Also, in the FRET process the ratio between two fluorescence intensities are measured where one fluorescence intensity (donor) increases and the other (acceptor) decreases⁴³. Therefore, effect of the presence of any contaminations or junk materials during sensing is automatically minimized. Therefore, FRET based sensing system is highly efficient and sensitive towards the target analytes. It is believed that the proposed FRET based pesticide sensor may be very effective towards sensing and optimum use of pesticides.

As a whole in this work, we have demonstrated the spectroscopic behavior of two dyes Acf and RhB assembled onto LbL films. Different LbL film formation parameters such as interaction time, pH and temperature of solution etc. have been optimized. FRET between Acf and RhB has also been investigated under various micro-environments. Application of FRET in the present system has also been utilized to design FRET based pesticide sensor. Such sensor can be used to sense other chemical contaminants too. Work is going on in our lab in this regard.

Materials and methods

Materials

Xanthane dyes Acf and RhB (Fig.S1 & Fig.S2 of supporting information), PAA, SA were purchased from Sigma Chemical Co. USA and used as received. Distilled water and HPLC grade chloroform were used as solvents. The dyes used in our studies are cationic in nature. The clay mineral used in this work was laponite, and obtained from Laponite Inorganic, UK. The CEC value of 0.739 meq/g was obtained using CsCl, and the size of the clay platelet is less than 0.05 μm⁴⁴. Pretilachlor (Fig.S3 in supporting information) 50% EC (IUPAC Name: 2-chloro-N-(2,6-diethylphenyl)-N-(2-propoxyethyl)acetamide) was purchased from local market. Different concentrations (0.25 ml/L, 0.5 ml/L, 0.75 ml/L, 1 ml/L) of pretilachlor were prepared using distilled water. Dye solutions were prepared in distilled water. For spectroscopic measurement of the dye films, the concentration was optimized at 10^− 4 M. Distilled water was used to prepare the clay dispersion, which was then magnetically stirred for 24 h and sonicated for 30 min before usage. In all cases, the clay concentration was 2 ppm and the dye concentration was 10^− 4 M for both Acf and RhB. During the fabrication of LbL self-assembled films, PAA was used as a polyanion. The solutions of SA was prepared by dissolving it in HPLC grade chloroform.

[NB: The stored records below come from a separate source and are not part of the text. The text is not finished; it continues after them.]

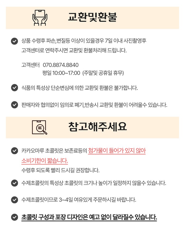 - ㆍ모니터 해상도의 차이로 인해 색상이나 이미지가 실제와 달라, 고객이 단순 변심으로 교환/반품을 무료로 요청하는 경우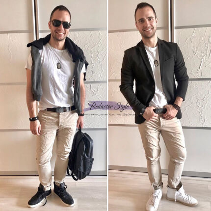 «Всегда думал, что разбор гардероба - сугубо женская забота. Однако я был приятно удивлен тем, что умело комбинируя мои собственные вещи, на мне же получается совсем другой образ. Кристина, помимо подбора вещей из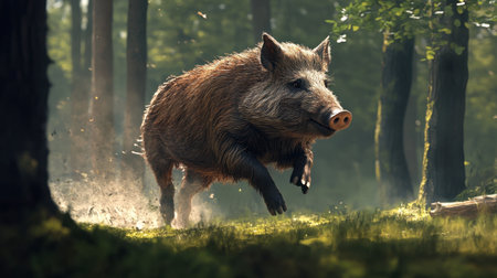 A dynamic wild boar leaps through a green forest, showcasing its vitality and the richness of nature. The scene captures the essence of wildlife in motion.

UV–Vis absorption and fluorescence spectra measurement

UV–Vis absorption and fluorescence spectra of the solutions and films were recorded by Perkin Elmer Spectrophotometer (Lambda-25), Shimadzu 1800 and Perkin Elmer Fluorescence Spectrophotometer (LS-55) respectively. The excitation wavelength for the fluorescence measurement was 430 nm, which is in proximity to the Acf absorption maximum.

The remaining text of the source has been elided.